It hasn’t even been 72 hours since the polls closed in Virginia, but already the state’s 2013 election is getting hot. Terry McAuliffe, a former chairman of the Democratic National Committee, told supports yesterday that he will be seeking his party’s nomination in next year’s gubernatorial race, in hopes of achieving next year what he couldn’t do in 2009.
“After Tuesday, one thing is certain: Everyone needs a break from politics,” McAuliffe wrote in a note to his email list and posted on his website yesterday. So, of course, for McAuliffe that “break” lasted about five seconds, because he is running for Virginia’s top office once again. “I realize that after any election some people’s immediate question is about the next campaign. I want to be straightforward with you: I plan on running for Governor of Virginia in 2013.”

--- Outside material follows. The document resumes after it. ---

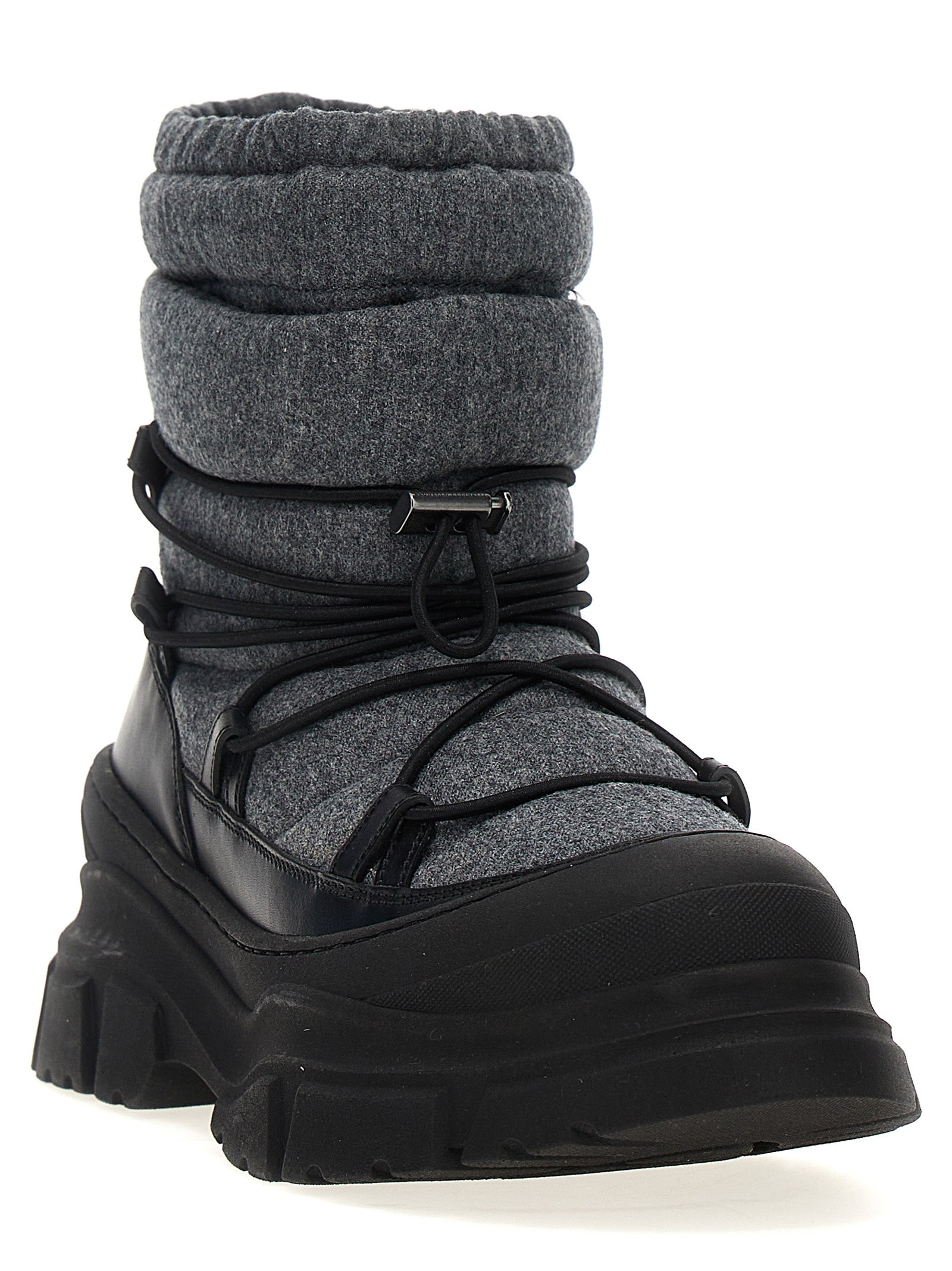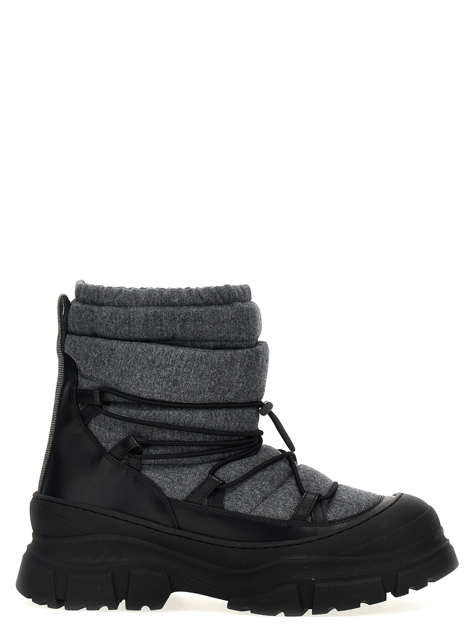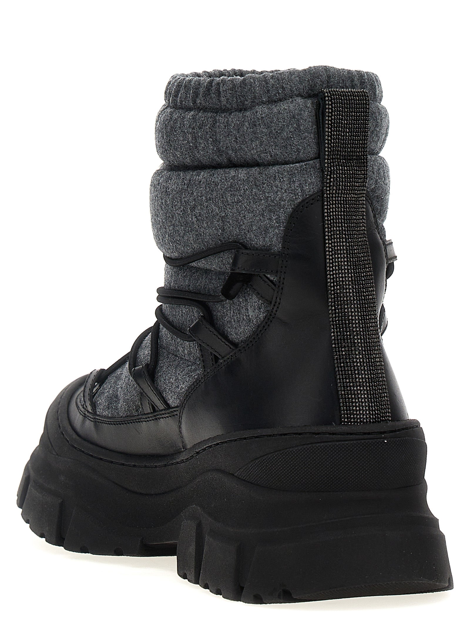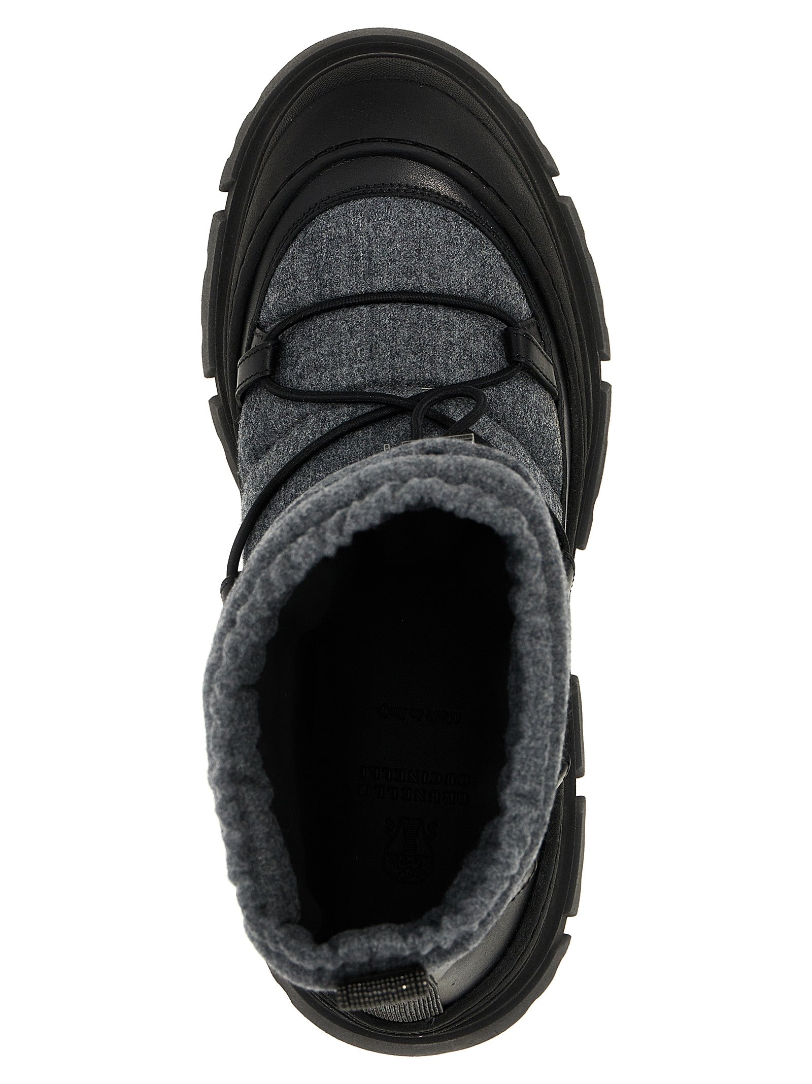 Padded ankle boots, back 'monile' detail, rubber sole, leather trim, elastic ankle wing detail.

So much for that break. McAuliffe, since losing the 2009 Democratic primary to state Sen. Creigh Deeds (who went on to lose to Bob McDonnell), has mostly been running his electric-car startup GreenTech Automotive. The company got a nice, long look in The New York Times magazine in July in an article that anticipated McAuliffe’s new campaign.
Anyway, there will be no break from politics for Virginia. McAuliffe will be campaigning from now until next November. Not that a break really should have been expected. Republican candidates to succeed the term-limited McDonnell emerged several months ago, with Lt. Gov. Bill Bolling and Attorney General Ken “The Cooch” Cuccinelli vying for the GOP nod.
McAuliffe called for a “break from politics,” but based on the rest of his note, the DCist fact-checking machine is calling bullshit on that.